La Revue de l’urbanisation propose d’utiliser le cadre politique des 3 Is - institutions, infrastructures et interventions - pour aider les villes à tirer parti de leur degré d’urbanisation. Kinshasa, qui se trouve à un stade d’urbanisation avancée, a besoin d’investir dans les trois domaines - des institutions plus solides, davantage d’infrastructures de liaison et des interventions ciblées.

  • Les institutions constituent la base du développement. Le manque de planification, même lorsqu'il existe des ressources pour les investissements dans les infrastructures, constitue la cause première de la formation des bidonvilles, tout comme le manque de systèmes de droits de propriété est une cause d'informalité et de conflit. Il est donc essentiel que Kinshasa renforce ses institutions et systèmes responsables de la planification urbaine et des droits de propriété.

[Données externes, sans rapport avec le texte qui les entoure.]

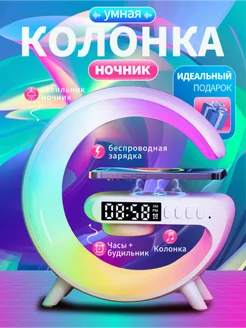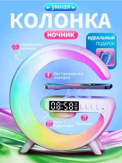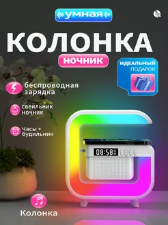 Блютуз колонка ночник с беспроводной зарядкой и подсветкой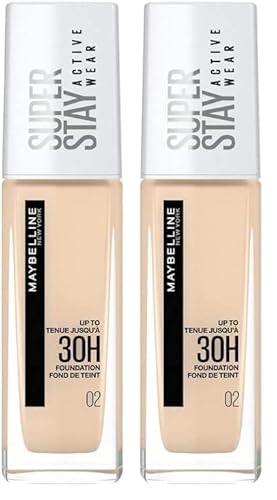 Maybelline New-York - Fond de Teint Liquide Longue Tenue, Sans Transfert, Haute Couvrance - Superstay Active Wear 30h - Teinte : Porcelaine (02) - Contenance : 30 ml (Lot de 2)

  • Les infrastructures de liaison doivent être renforcées pour que la planification et la fourniture de services reposent sur des bases institutionnelles solides. Rompre le cycle du sous-investissement dans les infrastructures nécessitera un effort considérable en faveur de l’amélioration de la qualité de vie et des infrastructures à Kinshasa. Il est essentiel d’accroître l'accès aux services dans les zones où les emplois sont concentrés, tout en améliorant les services de transport pour élargir le bassin de main-d'œuvre. De même, investir dans des services et des équipements dans des quartiers pauvres et non desservis constitue une des priorités. Cependant, étant donné la capacité d'investissement limitée, l’enjeu consistera à séquencer ces investissements et à les coordonner efficacement entre les secteurs et dans l'espace.
  • Enfin, Kinshasa aura besoin d’investissements et interventions spatialement ciblées sur des zones prioritaires. Des zones centrales bien équipées et dotées d'infrastructures postindustrielles, par exemple, seraient des emplacements idéals pour des centres de création d'emplois et des logements.

Kinshasa se trouve à la croisée des chemins. Les décisions prises aujourd'hui guideront la trajectoire de la ville pour les décennies à venir. Si les institutions en charge de la planification urbaine ne se développent pas et que les investissements dans les infrastructures restent limités, Kinshasa pourrait malheureusement se voir attribuer le triste trophée du plus grand bidonville du monde d'ici 2030. En revanche, si le renforcement institutionnel s’accompagne d’investissements dans les infrastructures, Kinshasa pourrait redevenir la ville africaine prospère qu’elle fut autrefois et devenir une agglomération urbaine dynamique qui fait la fierté des Kinois. L’élégance flamboyante des Sapeurs épouserait alors parfaitement la prospérité et le dynamisme de Kin la Belle.